__Problem to solve__: Please return the listing exactly as it stands, skipping any pictures.

__Recorded data__:
Start of Block

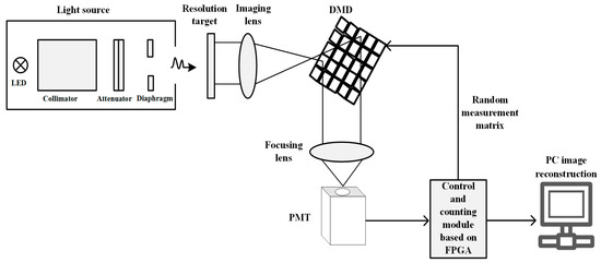 Schematic diagram of single photon compressive imaging system, including a light source, a resolution target, an imaging lens, the digital micromirror device (DMD), a focusing lens, the photomultiplier tubes (PMT), the specially designed circuit for the control of the DMD and counting photons synchronously, and a computer for image reconstruction.
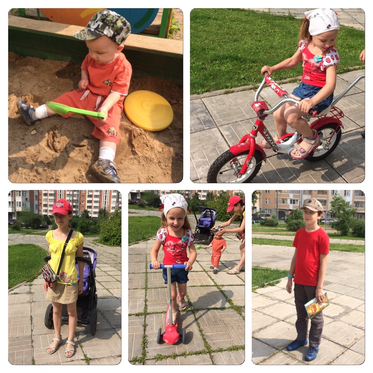 В процессе прогулки Лиса успела сменить 2 транспорта, приготовить обед из травы и песка, оббегать полдвора в догонялки.. И это только за те полчаса, что я была с ними. Отцепили от Лисичкиного велика дополнительные колеса - теперь учится ездить как большая :) Оставив дружную компанию развлекаться на улице, я вернулась обратно за ноут..
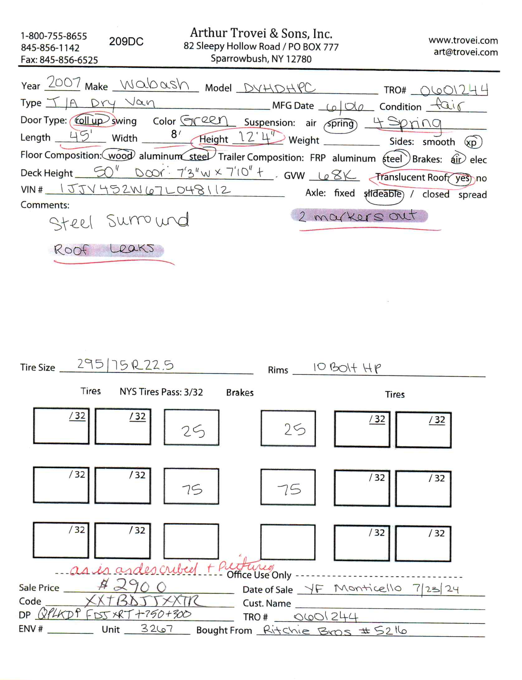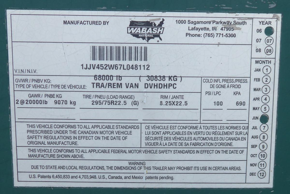 Inventory # 0601244Year: 2007 Make: Wabash Model: DVHDHPC Axles: Slideable Closed Tandem Type: Dry Box Trailer VIN: 1JJV452W67L048112 Suspension: 4 Spring Tires: 275/80R22.5 / 295/75R22.5 Rims: 10 Bolt Hub Pilot - All Steel Length: 45' Width: 8' Height: 12'4" Weight (Estimated): 13,260 lb Load Width: 7'3" Load Height: 7'9" GVWR: 68,000 lb Trailer Composition: Aluminum / Steel Floor Composition: Wood / Steel Door Type: Roll Up Door - Steel Surround Added Details: Air Brakes, Translucent Roof (Leaks) Price: $3,900 as described 209DCXXTBDJJXXTRQPLKDPFDJXRT+750+300 Terms of Sale

End of Block

__Task response__:
 Schematic diagram of single photon compressive imaging system, including a light source, a resolution target, an imaging lens, the digital micromirror device (DMD), a focusing lens, the photomultiplier tubes (PMT), the specially designed circuit for the control of the DMD and counting photons synchronously, and a computer for image reconstruction.
 В процессе прогулки Лиса успела сменить 2 транспорта, приготовить обед из травы и песка, оббегать полдвора в догонялки.. И это только за те полчаса, что я была с ними. Отцепили от Лисичкиного велика дополнительные колеса - теперь учится ездить как большая :) Оставив дружную компанию развлекаться на улице, я вернулась обратно за ноут..
 Inventory # 0601244Year: 2007 Make: Wabash Model: DVHDHPC Axles: Slideable Closed Tandem Type: Dry Box Trailer VIN: 1JJV452W67L048112 Suspension: 4 Spring Tires: 275/80R22.5 / 295/75R22.5 Rims: 10 Bolt Hub Pilot - All Steel Length: 45' Width: 8' Height: 12'4" Weight (Estimated): 13,260 lb Load Width: 7'3" Load Height: 7'9" GVWR: 68,000 lb Trailer Composition: Aluminum / Steel Floor Composition: Wood / Steel Door Type: Roll Up Door - Steel Surround Added Details: Air Brakes, Translucent Roof (Leaks) Price: $3,900 as described 209DCXXTBDJJXXTRQPLKDPFDJXRT+750+300 Terms of Sale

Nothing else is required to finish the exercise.